The connection between Logo and popular LEGO construction kits made possible with Logo Mindstorms can provide further investigations in robotics, programming, and inquiry in schools that have embraced the use of Logo in the earlier grades. Mindstorms could serve as either a stand-alone activity or in a sequence that builds on early work in MicroWorlds.
The Geometer's Sketchpad
The Geometer's Sketchpad (GSP) has earned numerous accolades such as "Best Mathematics Education Software of all Time," as it was named by the Stevens Institute of Technology Mentor Teachers Survey.
Originally developed at Swarthmore College in the 1980s for the teaching of the standard high school geometry curriculum accompanying a textbook, this program is being used in many school as early as the fifth grade in introductory investigations of the properties of squares, parallelograms, and rhombi; construction of traditional quilt blocks; and the exploration of ratio and proportion. One school reports the study of cardioids on Valentine's Day with The Geometer's Sketchpad.
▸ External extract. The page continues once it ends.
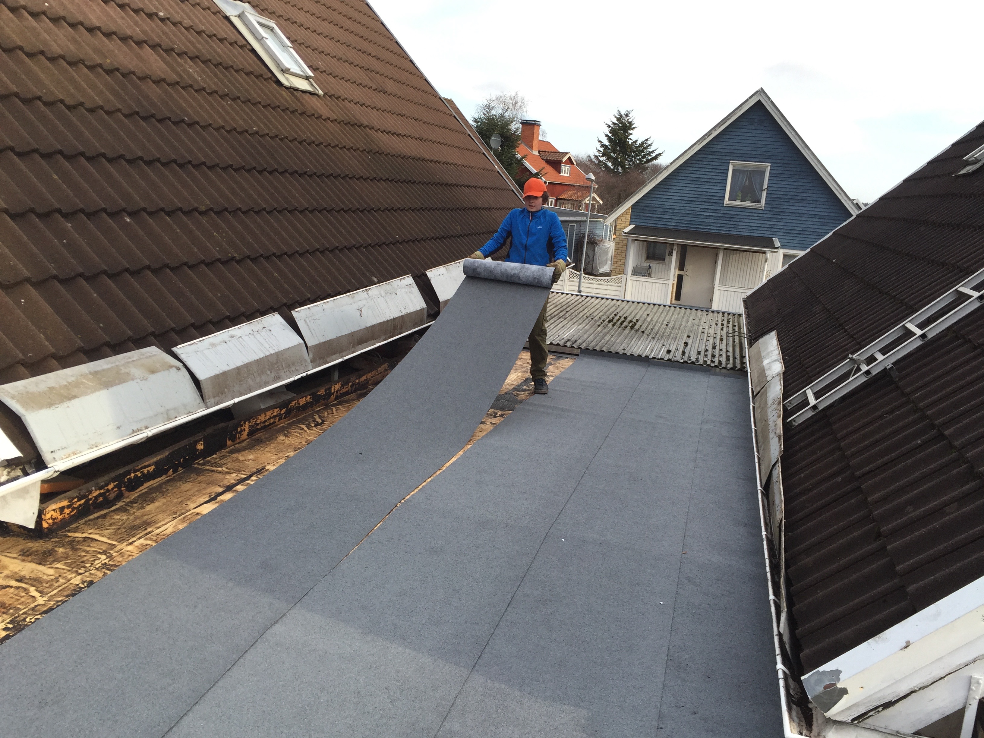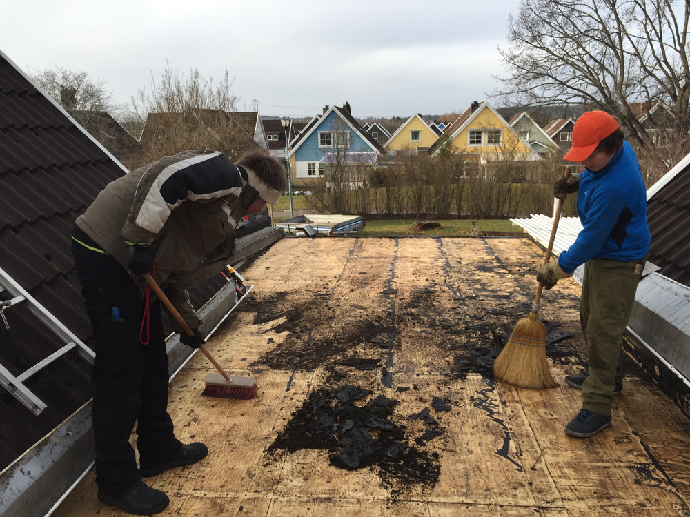 Så, vad kostade kalaset då? Vi valde papp som inte hade limremsa dels för att det var billigare men mest för att det fanns i tiometersvåder så dom täckte hela taket utan en massa spill. Pappen kostade 1 800 kronor plus asfaltslimmet som gick på runt 500 kronor. Sen var det ungefär tre timmars jobb för att få till det, så helt klart välspenderade pengar!

We've come a long way from cut-and-fold construction paper hearts!
Adapting Commercial Software for Classroom Use
In my collaborations with math teachers in middle schools, I have used several industry-standard vector-based computer graphics software programs including Adobe Illustrator, Macromedia Freehand, and Macromedia Flash to create projects on topics ranging from tessellations, regular polygons, Islamic patterning, and the Platonic and Archimedian solids. The use of the software allows students to achieve results that would be beyond their capabilities to construct by hand alone. We start with the simple premise that any concept that can be taught with traditional tools such as compasses, protractors, and templates can be carried into new media with analogous directives and outcomes. One reason for the success of these endeavors is that students are able to learn the most sophisticated software readily and rapidly (I like to say that students can learn complex software faster than I can teach it). Many students are attracted to the complexity and power of the software and revel in using the same software tools that professionals employ.
High School
The Geometer's Sketchpad
At the high school level, the GSP has been recognized as a model of seamless integration of software, curricula, and pedagogy possibly unequaled in any other area of K-12 education (with the exception of ubiquitous word-processing). As a result of the intense and ongoing support of college and university programs in the development of this software, the GSP remains the best approach to the application of computer software in an educational setting. I think of this program as the mothership of all software titles. So much has been written about this application that little can be added here. The constant update of resources and continued upgrades ensure that the GSP is likely to keep its position as a leader for years.
Other Related Courseware
In addition to mathematics instruction in general and geometry topics in particular, several other high school-level courses employ state-of-the-art software in syllabi ranging from computer-aided design to computer graphics and even set and stage design.